Efficiency Mechanisms:
- Estimators that reduce profiling time by ~99%.
- Joint optimization that adapts processor placement to specific sparsity patterns.
- Hotness-based preloading that cuts memory usage by ~28% without sacrificing performance.

4. Experimental Results

The system was evaluated on three edge platforms (Intel Desktop, Intel Laptop, NVIDIA Jetson Orin) using four diverse tasks (Image Classification, Sentiment Analysis, Activity Recognition, Speech Recognition).

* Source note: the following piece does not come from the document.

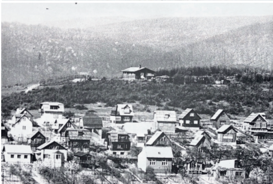
Blick auf die Sommerschule, 1934

Wolfersbergs zurück (wie Sonnenweg, Mondweg, Merkurweg usw.). Prof. Koch hielt auch Vorträge zu damals aktuellen Technologien wie etwa über drahtlose Telegrafie und Telefonie. Das Spektrum der Themen der angebotenen Kurse und Vorträge war außerordentlich groß: es reichte von naturkundlichen Vorträgen wie Wetterkunde, heimische Flora und Fauna, Gartenfragen, über Sprachkurse (etwa Englisch oder Französisch), Handarbeits- oder Zeichenkurse bis hin zu Vorträgen über Literatur. Aber auch Hilfe und praktische Tipps bei Siedlerproblemen wurden angeboten. Großen Anklang fanden die seit dem Jahr
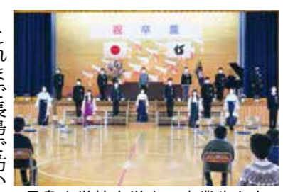
長島小学校を巣立つ卒業生たち

3月18日「第45回卒業証書授与式」を挙行しました。保護者と4・5年生、来賓、教職員が見守る中、18人の6年生が小学校を巣立ちました。 担任の呼名にしっかりと応え、校長先生から卒業証書を受け取る卒業生の凛とした姿は、小学校での最後の授業にふさわしいものでした。 また、卒業生の後ろ姿をじっと見つめる在校生からも、これから伝統を受け継いでいくのだという意気込みが感じられました。合奏団の演奏や合唱で卒業生を送ることはできませんでしたが、ピアノ演奏と盛大な拍手で卒業生の門出をお祝いしました。優しい音色が会場を包み込み、集った人々の心に響きました。

SLO Violation Reduction: SparseLoom reduced SLO violation rates by up to 74% compared to state-of-the-art baselines (including systems with adaptive variant selection but no stitching).
Throughput Improvement: Achieved up to 2.31× higher inference throughput compared to the best existing baselines, primarily due to optimized processor placement and the wider variant selection.
Memory Efficiency: Reduced memory overhead by an average of 28% compared to systems that pre-load all variants, while maintaining comparable SLO violation rates.
Profiling Overhead: Reduced profiling time from hours (exhaustive) to under 8 minutes (with estimators), a 99% reduction.

5. Significance

This paper addresses a critical bottleneck in edge AI: the inability of current systems to adapt to diverse and strict SLOs due to a lack of model diversity and inefficient resource utilization.

Paradigm Shift: It moves beyond static model selection to dynamic, training-free model composition (stitching).
Practical Deployment: By solving the scalability (profiling) and memory (preloading) challenges, SparseLoom makes advanced multi-DNN inference feasible on resource-constrained edge devices.
Generalizability: The approach is applicable to various DNN architectures (CNNs, Transformers) and hardware platforms, offering a blueprint for future heterogeneous edge computing systems.